71 dead in attacks on Afghanistan forces
GARDEZ: Two separate suicide and gun attacks on government forces in Afghanistan left 71 dead and 170 wounded on Tuesday.
The Taliban claimed the more deadly of the two assaults, a coordinated attack on police in the southeast city of Gardez in Paktia province. That assault killed 41 people and injured 158, according to the interior ministry.
A separate ambush blamed on the Taliban in the neighbouring province of Ghazni killed 25 security officials and five civilians, the ministry said.
The first attack, claimed by the Taliban in a tweet, began when two suicide bombers driving an explosives-laden truck and a Humvee blew them up near the training centre, which is close to the Paktia police headquarters.
The blasts flattened a building and enabled gunmen to force their way inside the compound, according to officials and the interior ministry.
“Most of the victims are civilians who had come to the police headquarters to get their passports and national IDs,” the Paktia governor’s office said.

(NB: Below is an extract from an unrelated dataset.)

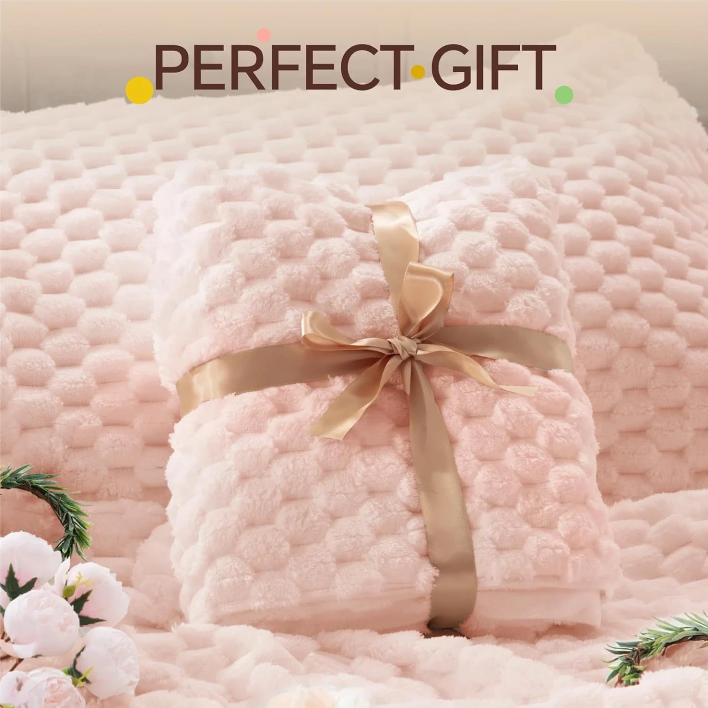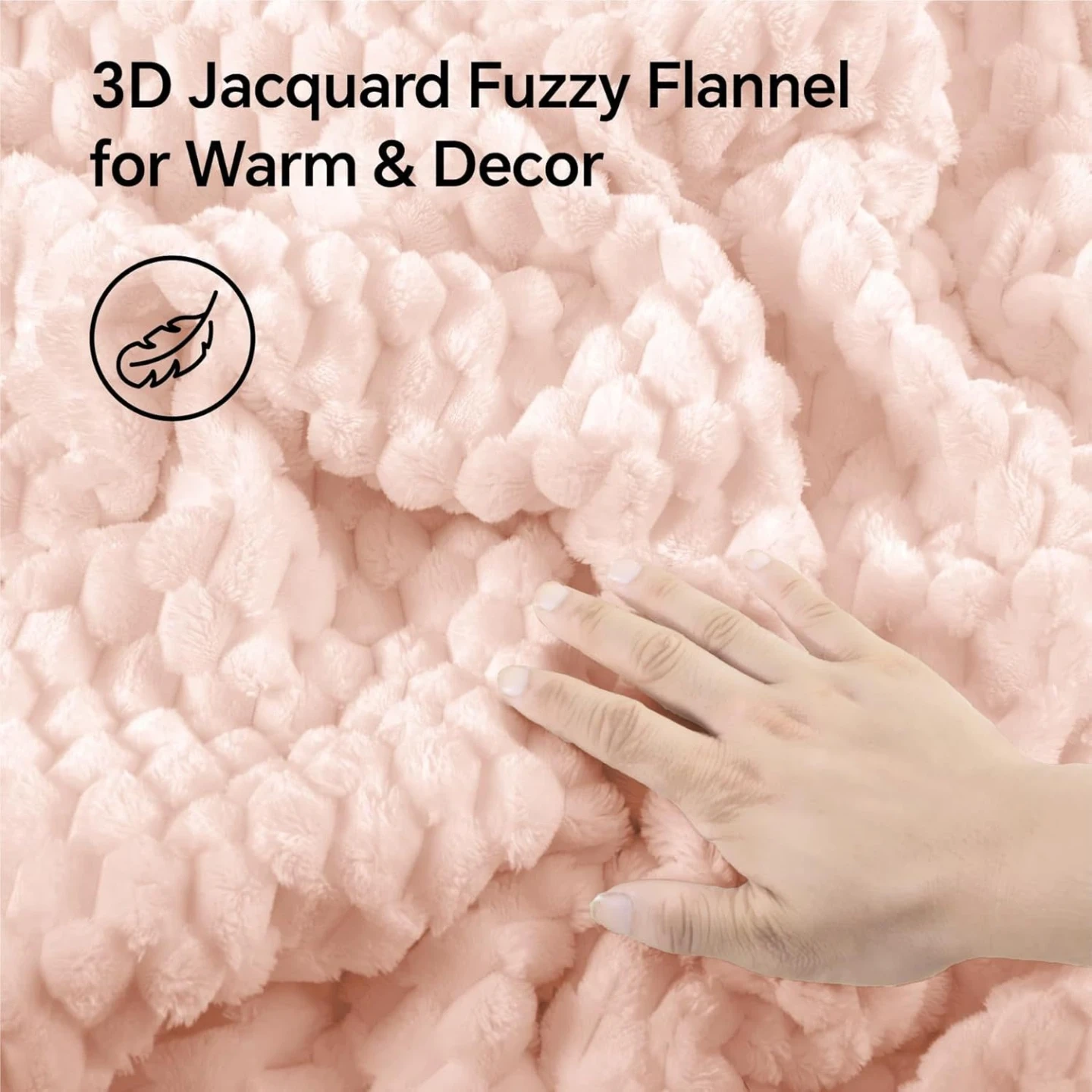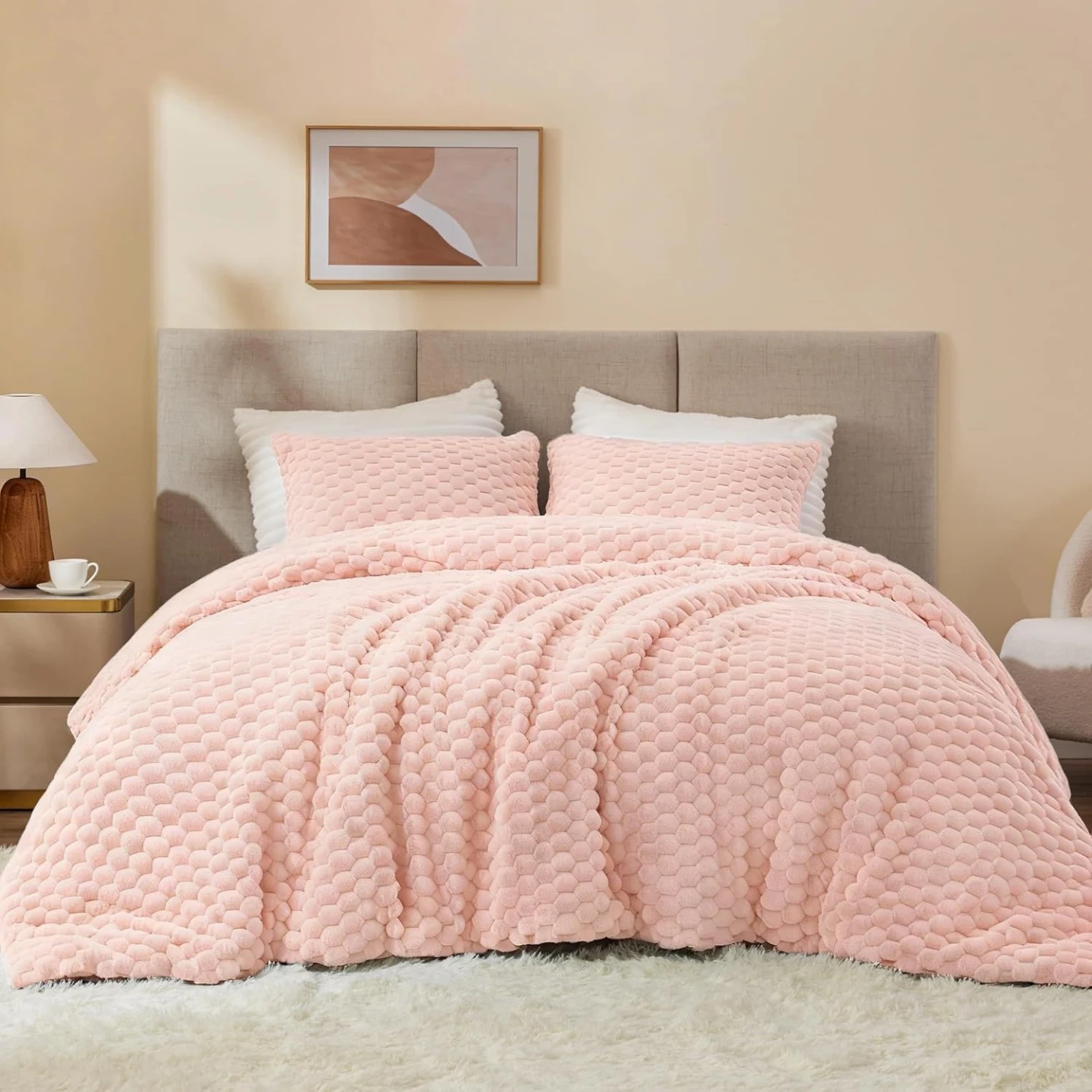 Pink 3D Jacquard Fuzzy Flannel Comforter Set

The second attack, in Ghazni some 100 kilometres (62 miles) west of Gardez, followed a similar pattern involving insurgents detonating an explosives-laden Humvee near a police headquarters then storming the building, Haref Noori, the Ghazni governor’s spokesman, told AFP.

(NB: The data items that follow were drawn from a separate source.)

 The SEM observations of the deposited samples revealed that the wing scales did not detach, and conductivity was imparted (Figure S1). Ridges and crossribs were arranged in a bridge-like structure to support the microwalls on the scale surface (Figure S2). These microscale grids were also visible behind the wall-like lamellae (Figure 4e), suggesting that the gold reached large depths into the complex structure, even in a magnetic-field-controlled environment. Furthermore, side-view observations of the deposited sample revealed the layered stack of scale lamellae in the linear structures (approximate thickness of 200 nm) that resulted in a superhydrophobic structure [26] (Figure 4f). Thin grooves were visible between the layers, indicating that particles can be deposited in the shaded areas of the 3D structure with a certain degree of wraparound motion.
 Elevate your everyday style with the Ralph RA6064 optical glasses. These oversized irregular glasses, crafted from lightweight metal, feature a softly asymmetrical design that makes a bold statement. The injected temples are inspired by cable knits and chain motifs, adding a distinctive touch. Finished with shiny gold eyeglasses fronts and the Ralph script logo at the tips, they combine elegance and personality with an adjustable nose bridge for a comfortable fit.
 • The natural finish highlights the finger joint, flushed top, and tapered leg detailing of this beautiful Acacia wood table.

Afghan President Ashraf Ghani condemned the attacks and praised the “bravery and sacrifice” of security forces.
They came a day after talks between Afghanistan, Pakistan, the US and China were held in Oman with the aim of ending the Taliban’s 16-year insurgency. They also came hours after a US drone strike in Pakistan’s Kurram tribal district, part of which borders Paktia, killed at least 26 Haqqani militants.